Handy Andy, Volume One | Page 9

Samuel Lover
his comments as
he proceeded. "'Working heaven and earth to'--ha!--so that's the work
O'Grady's at--that's old friendship,--foul!--foul! and after all the money
I lent him, too;--he'd better take care--I'll be down on him if he plays
false;--not that I'd like that much either:--but--let's see who's this
coming down to oppose me?--Sack Scatterbrain--the biggest fool from
this to himself;--the fellow can't ride a bit,--a pretty member for a
sporting county! 'I lodge at a milliner's'--divil doubt you, Murtough; I'll
engage you do.
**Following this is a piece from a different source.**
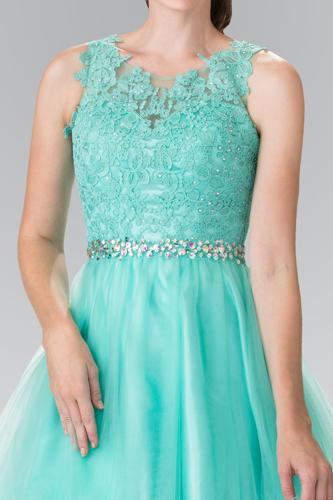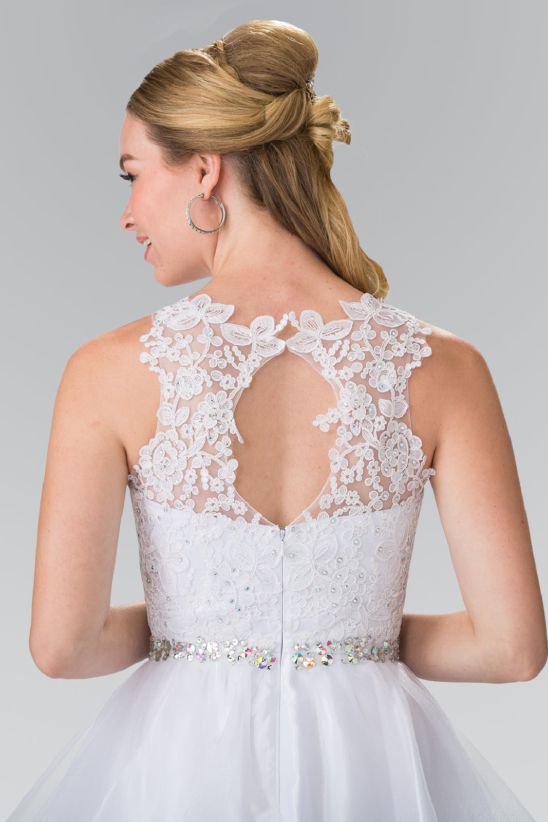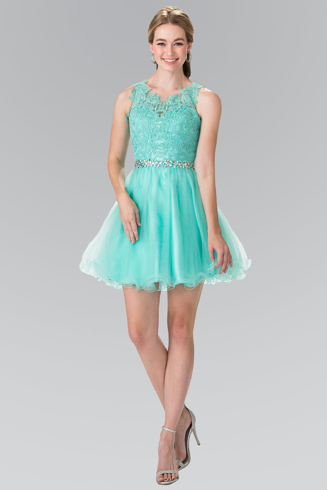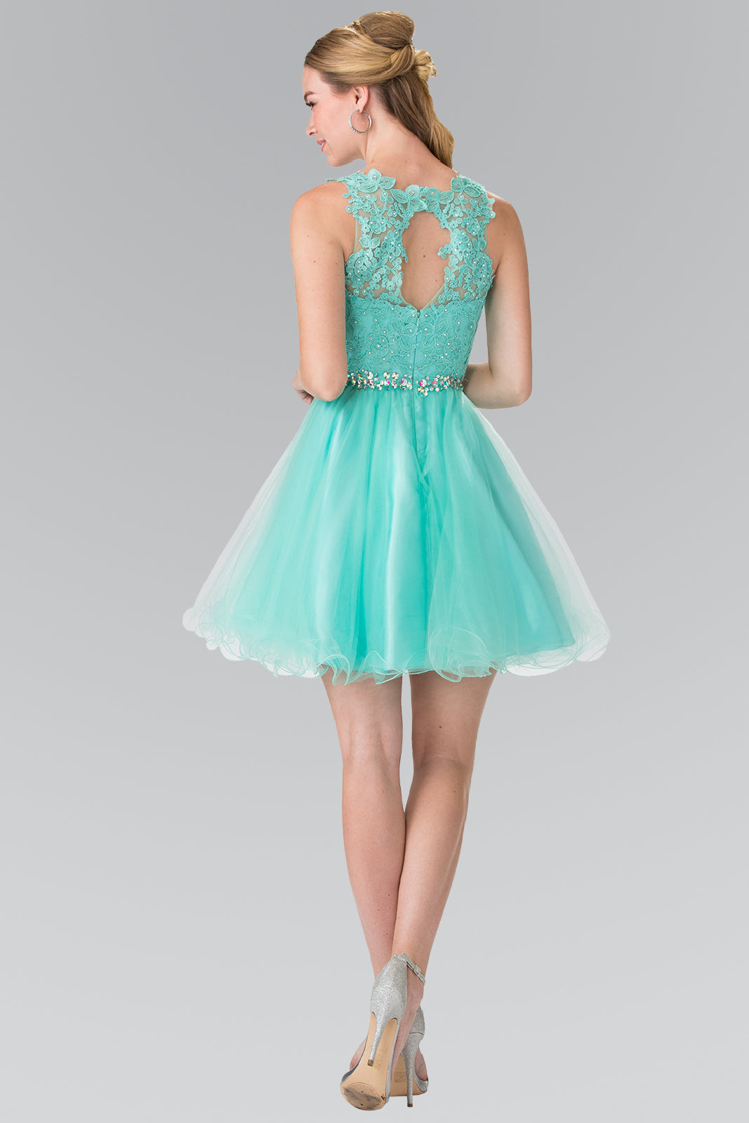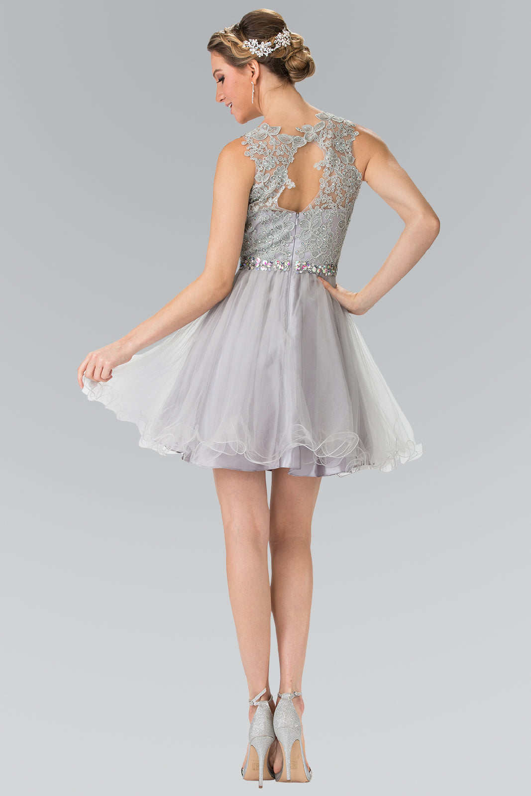 Lace Illusion Top A-line Short Dress with Beaded Waist GLGS2375

Bad luck to him!--he'd rather be fooling away his time
in a back parlour, behind a bonnet shop, than minding the interests of
the county. 'Pension'--ha!--wants it sure enough;--take care, O'Grady,
or, by the powers, I'll be at you. You may baulk all the bailiffs, and
defy any other man to serve you with a writ; but, by jingo! if I take the
matter in hand, I'll be bound I'll get it done. 'Stephen's Green--big
ditch--where I used to hunt water-rats.' Divil sweep you, Murphy, you'd
rather be hunting water-rats any day than minding your business. He's a
clever fellow for all that. 'Favourite bitch--Mrs. Egan.'--Aye! there's the
end of it--with his bit o' po'thry, too! The divil!"
The squire threw down the letter, and then his eye caught the other two
that Andy had purloined.
"More of that stupid blackguard's work!--robbing the mail--no
less!--that fellow will be hanged some time or other. Egad, may be
they'll hang him for this! What's best to be done? May be it will be the
safest way to see whom they are for, and send them to the parties, and
request they will say nothing: that's it."
The squire here took up the letters that lay before him, to read their
superscriptions; and the first he turned over was directed to Gustavus
Granby O'Grady, Esq., Neck-or-nothing Hall, Knockbotherum. This
was what is called a curious coincidence. Just as he had been reading
all about O'Grady's intended treachery to him, here was a letter to that
individual, and with the Dublin post-mark too, and a very grand seal.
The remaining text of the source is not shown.